#### ASSIGNED TASK:
Give the data below again exactly, and drop each picture from it.

#### SUPPLIED MATERIAL:
══════
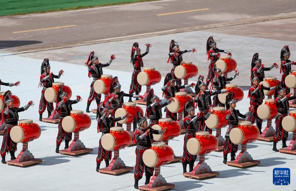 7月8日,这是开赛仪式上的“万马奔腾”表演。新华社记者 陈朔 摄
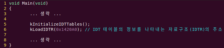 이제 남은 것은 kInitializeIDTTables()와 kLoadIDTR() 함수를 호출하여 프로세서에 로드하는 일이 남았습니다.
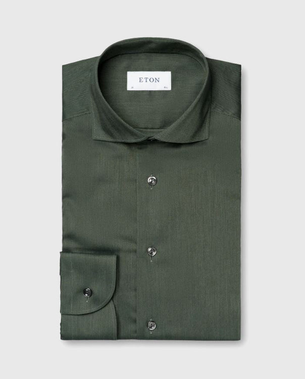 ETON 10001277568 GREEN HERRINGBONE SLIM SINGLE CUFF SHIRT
══════
#### RESPONSE TO THIS EXERCISE:
 7月8日,这是开赛仪式上的“万马奔腾”表演。新华社记者 陈朔 摄
 이제 남은 것은 kInitializeIDTTables()와 kLoadIDTR() 함수를 호출하여 프로세서에 로드하는 일이 남았습니다.
 ETON 10001277568 GREEN HERRINGBONE SLIM SINGLE CUFF SHIRT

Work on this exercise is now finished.